2nd February 2007 Print
The Rough Guide to The Blues is the essential blues companion, telling its fascinating story and giving the lowdown on all the grittiest singers, bottleneck guitarists, belt-it-out divas and wailing harmonica players.

It covers the whole journey from its roots in Africa, to how the blues crawled from the Mississippi Delta, went electric in the cities, and spread across the world.

Detailing hundreds of artists from folk heroes like Son House, Leadbelly and Robert Johnson, through the legends of B.B. King, Muddy Waters and John Lee Hooker, to the great blues rockers of the 60’s and 70’s, Led Zeppelin, Jimi Hendrix and Cream, The Rough Guide to The Blues offers the most thorough and meticulous consolidation of blues biography yet assembled. Accepting the blues as a broad church, author Nigel Williamson profiles artists and bands that have played their own significant role in blues history.

Those new to the blues, or fans in a particular frame of mind, will appreciate the inclusion of ‘Playlists’ to download to your iPod or MP3. Choose between individual artist ‘best ofs’ or check out the ten greatest slide guitar tracks or harmonica solos. And for those in the mood for sex, drugs and alcohol – the blues, and the playlists, have these covered too.

“Where did the blues begin?... the truth is surely that the blues began several million times over. It was born again and again, every time another African gazed for the last time at the land of his or her birth.”
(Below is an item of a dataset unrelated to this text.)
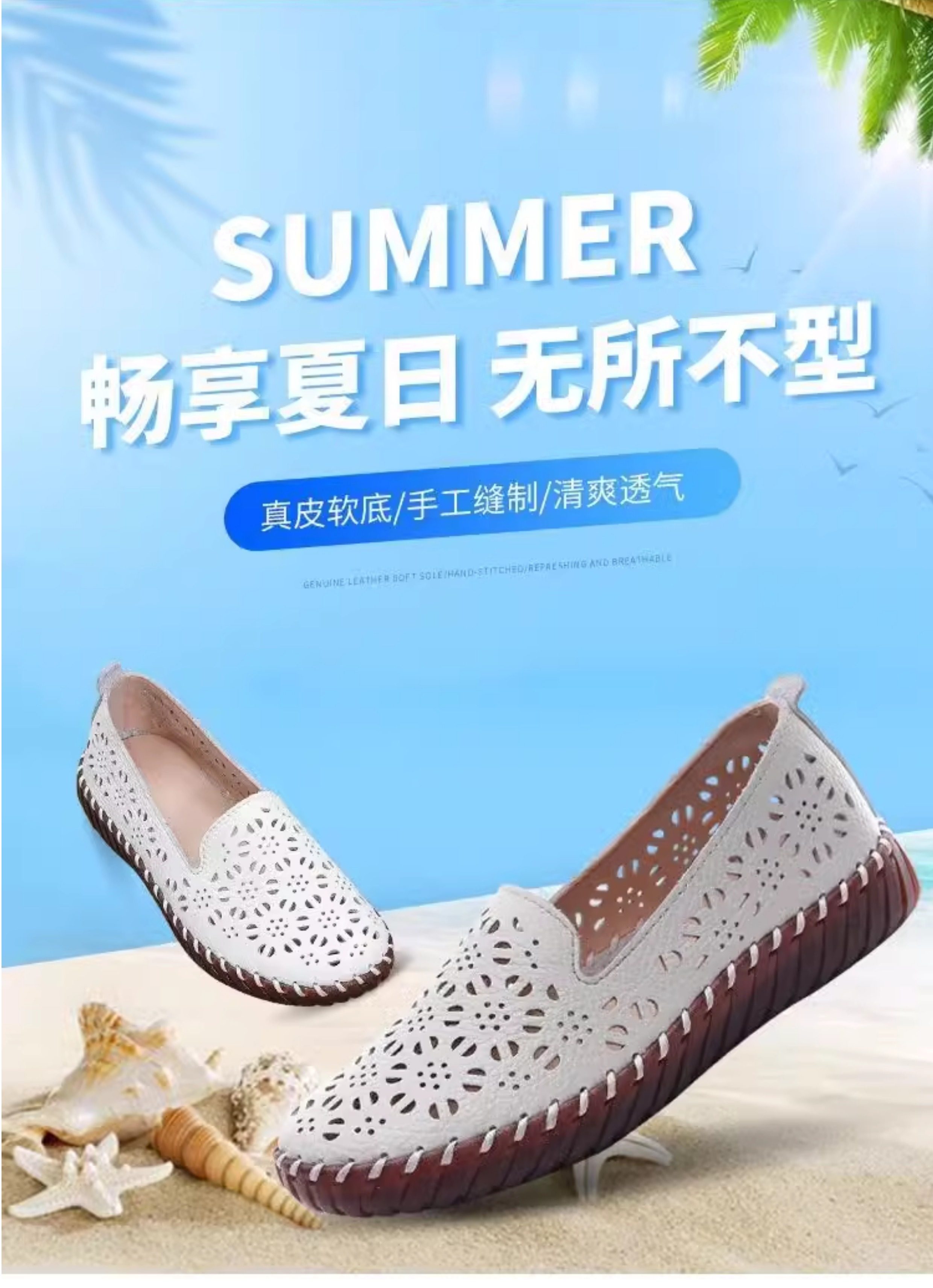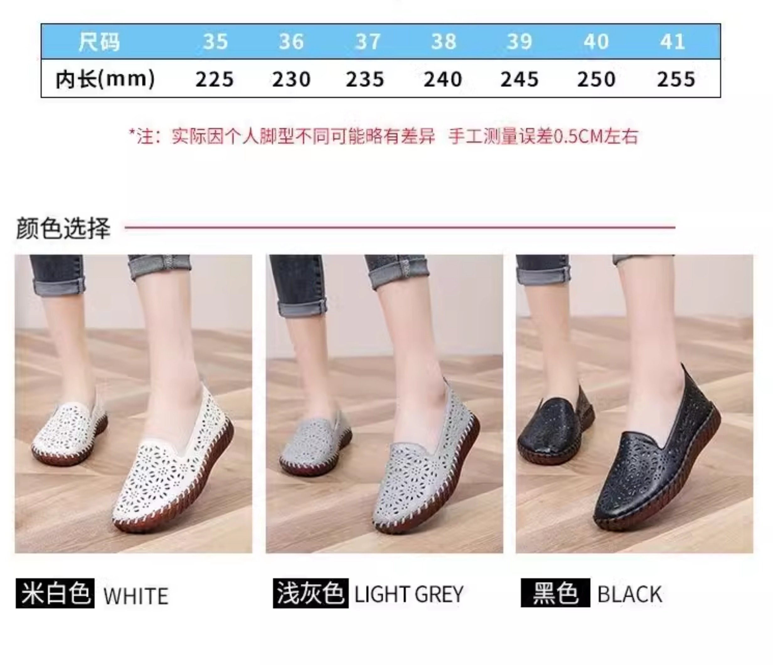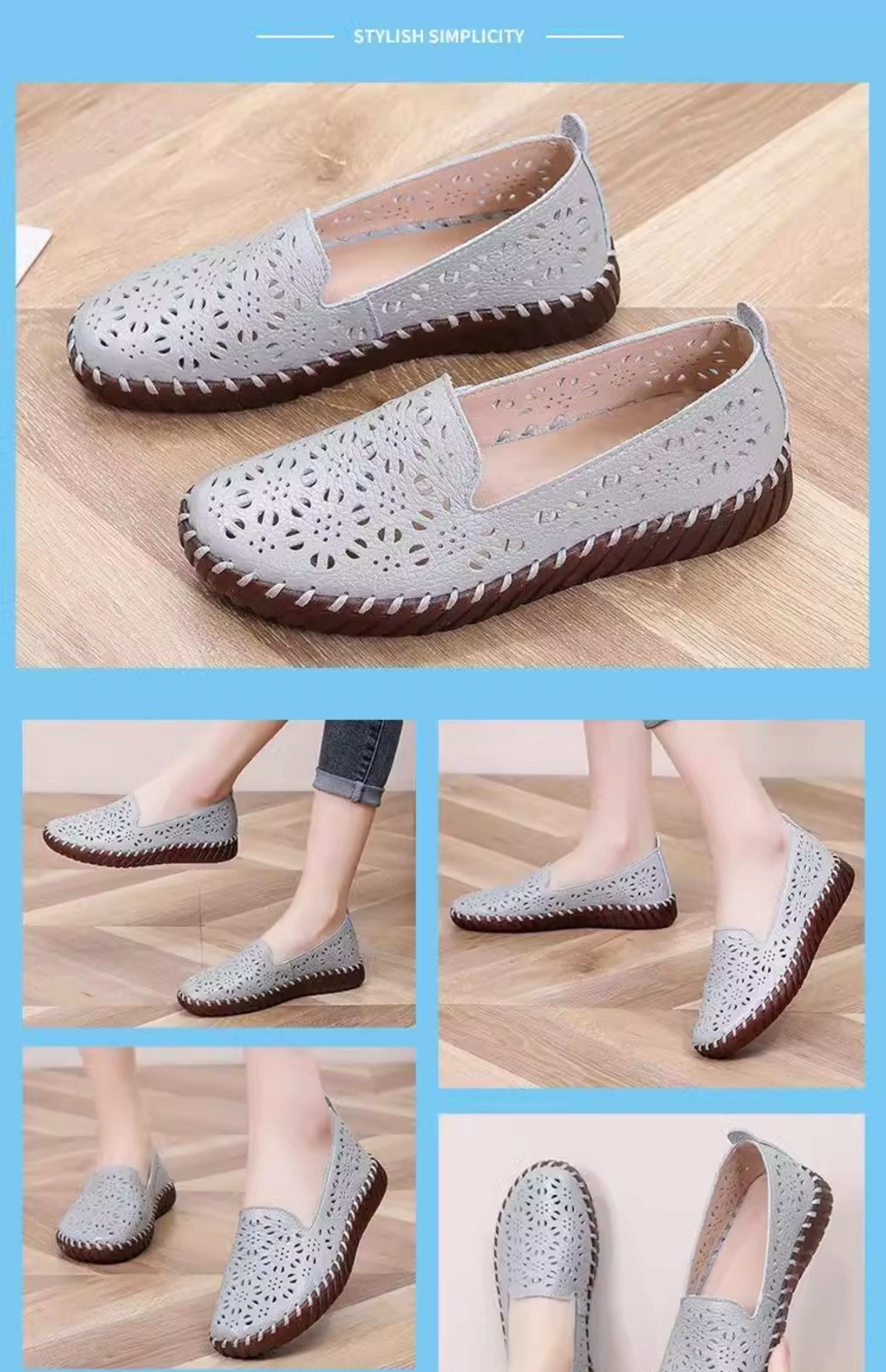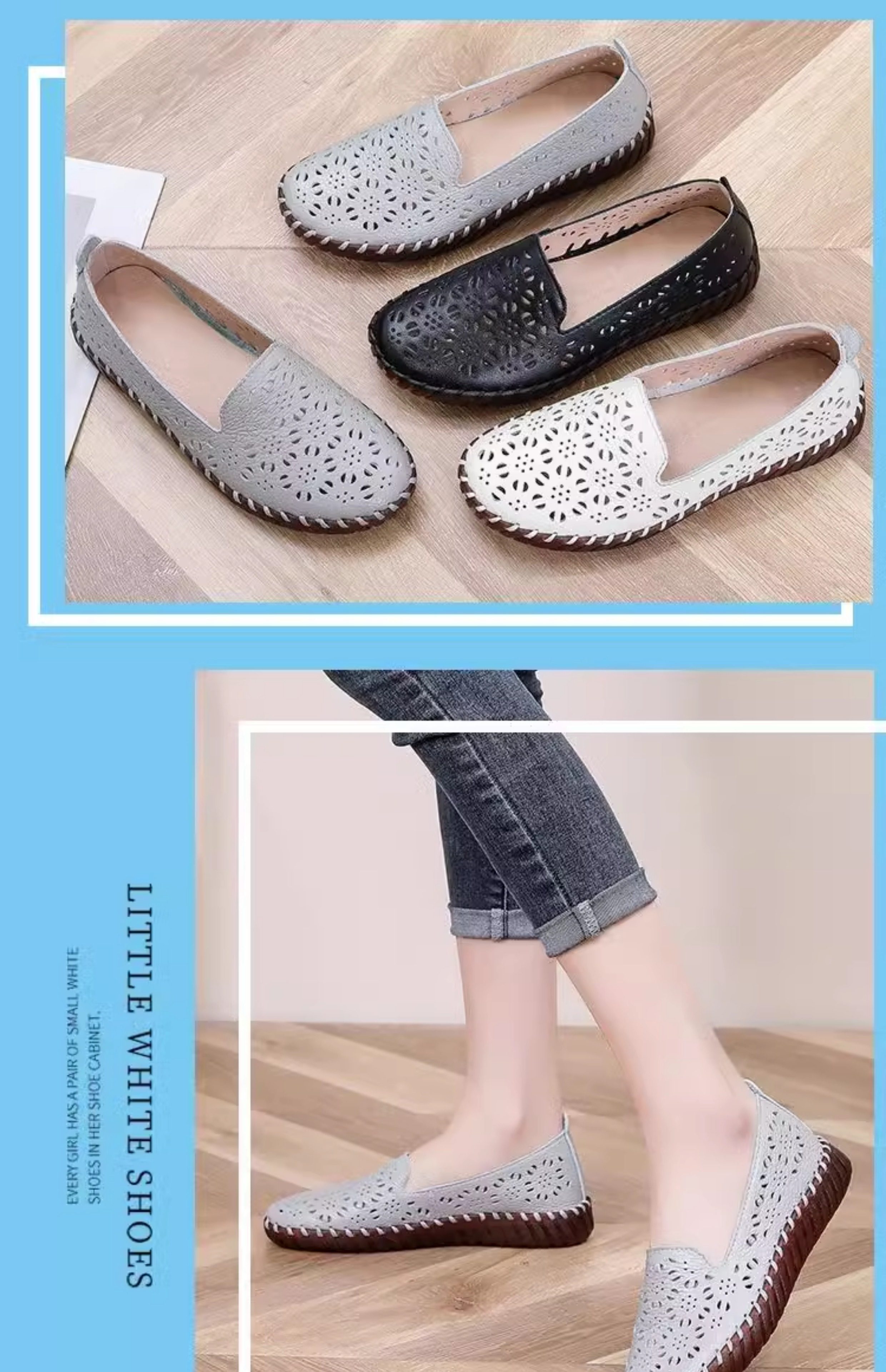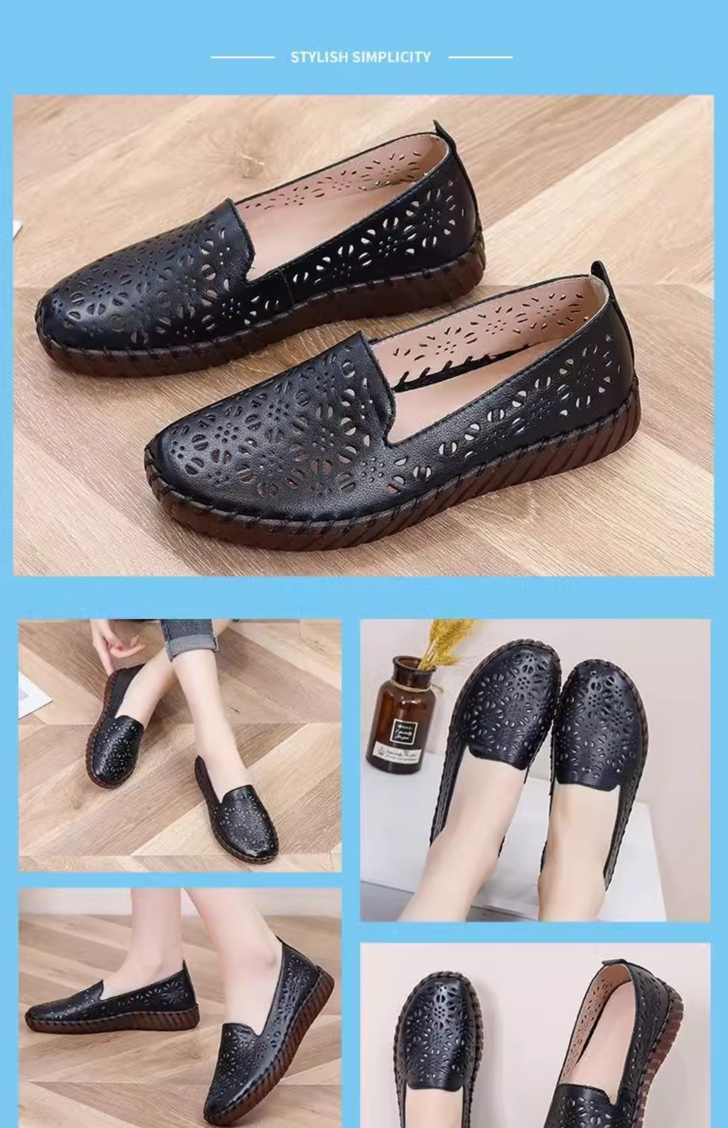 Genuine Leather Mother's Shoes for Women, Soft Sole, Comfortable and Lightweight, Hollowed-Out Design, Women's Leather Shoes, Sandals, Summer Flats

Nigel Williamson grew up a long way from the Mississippi Delta in the leafy environs of Kent. He discovered the blues as a teenager in the 1960s via the records of John Mayall, Cream, The Doors and others and swiftly realised that he preferred the originals to the imitators. His natural inclination to support the underdog not only gave him a natural affinity with the music but led him into the world of radical left-wing politics.

He worked for the British politicians Tony Benn and Neil Kinnock and went on to edit a number of Labour Party publications before becoming a senior executive on The Times. Tiring of the office routine he recklessly gave up the security of a staff salary for the precarious existence of a freelance music critic in the mid-1990s. He is the author of The Rough Guide to Bob Dylan.